The implementation model and the mental model can also be very different. Let’s consider another example: getting off a public-transit bus. The mental model of opening the exit doors is that “When the bus stops, I give the doors a nudge and then the doors open fully.” The implementation model of the exit doors is that, once the bus stops and the driver enables the mechanism, the exit doors will open when a passenger triggers a sensor. Now consider this: if the sensor is a touch sensor then the passenger’s mental model of “nudging the door” is correct. But, in fact, the sensor is a photoelectric sensor—a beam of light—and the passenger’s mental model of “nudging the door” is incorrect.

To exit, break the photoelectric beam

Getting bus passengers to break the photoelectric beam was a real-life design challenge that was solved in different ways. In Calgary, public-transit buses use a large, complex sign on exit doors to present a mental model that’s somewhat consistent with the implementation model:

Signage explains the complex implementation modelTO Signage for a simpler mental modelOPEN THE DOOR

      1. WAIT FOR GREEN LIGHT
      2. WAVE HAND NEAR DOOR HERE

In Vancouver, public-transit buses use a large, simple sign on exit doors to present a mental model that’s inconsistent with the implementation model:

TOUCH HERE ▓ TO OPEN

In fact, touch does not open the exit doors at all—not on the Vancouver buses or the Calgary buses I observed. Only when a passenger breaks the photoelectric beam will the doors open. In Calgary passengers are told to wave a hand near the door. A Calgary bus passenger might conclude that the exit door has a motion sensor (partly true) or a proximity sensor (not true).  In Vancouver passengers are told to touch a target, and the touch target is positioned so the passenger will break the photoelectric sensor beam when reaching for the target. A Vancouver bus passenger might conclude that the exit door has a touch sensor (not true).

Calgary bus passengers are more likely to guess correctly how the exit door actually works because the sign presents a mental model that partly overlaps the implementation model: the door detects hand-waving. But does that make it easier for someone without prior experience to exit the bus?

No, it’s harder.

It’s more difficult for a sign to get passengers to hold up a hand in the air in front of the door than it is to put a hand on the door. Here’s why: If you knew nothing about a door that you wanted to open outward, would you place a hand on the door and push? Or would you wave at it? From our lifelong experience with doors we know to push them open. Touching a door is more intuitive than waving at it, and that’s why “nudge the door” is a better mental model and thus an easier behaviour to elicit and train. The simpler mental model improves usability.

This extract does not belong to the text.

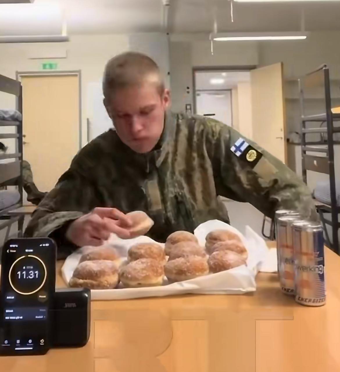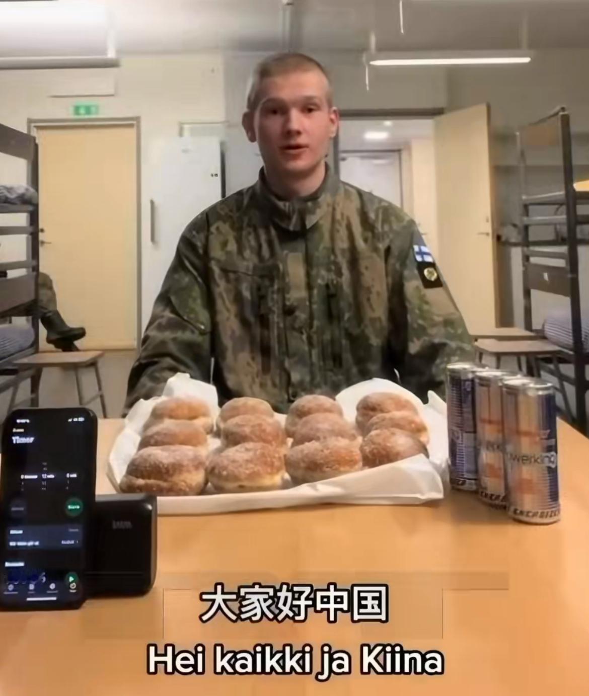 芬兰军人用中文直播做吃播,挑战12分钟吃12个甜甜圈,吃了10个后彻底吃不下了,直言没有想象的那么简单,对自己完不成挑战表示歉意 外国军人真的太拼了,泰国军人在战场上拍视频卖防晒霜,美国军人拍摄各种战备走红成百万网红,收入远超工资,为了发展副业真的太拼了

Rule of thumb for mental models

When understanding of a product’s inner workings are unnecessary, staying true to the implementation model risks increasing the complexity of the user interface. Instead, have the user interface, reflect a mental model that is simple, effective, and usable.

If you can relate the use of an object to a common experience or simple idea then do so—even if it doesn’t follow the implementation model. It is unnecessary for a system’s user interface to convey how the product was built. The user interface only needs to help users to succeed at their tasks.

No doubt there are cases where a lack of understanding of a product’s inner workings could cause danger to life and limb, or cause unintended destruction of property. In that case, the mental model needs to convey the danger or risk or, failing that, needs to overlap more with the implementation model.

Chip-card usability: Remove the card to fail

Card readerI went to the corner store, made a purchase, and tried to pay by using a chip card in a machine that verifies my PIN. My first attempt failed, because I pulled my card out of the card reader too soon, before the transaction was finished. I should add that I removed my card when the machine apparently told me so.

The machine said: “REMOVE CARD”

And just as I pulled my card out, I noticed the other words: “PLEASE DO NOT”

Have you done this, too…?

Since making a chip-card payment is an everyday task for most of us, I wonder: “What design tweaks would help me—and everyone else—do this task correctly the first time, every time?” Who would have to be involved to improve the success rate?

Ideas for a usable chip-card reader

A bit of brain-storming raised a list of potential solutions.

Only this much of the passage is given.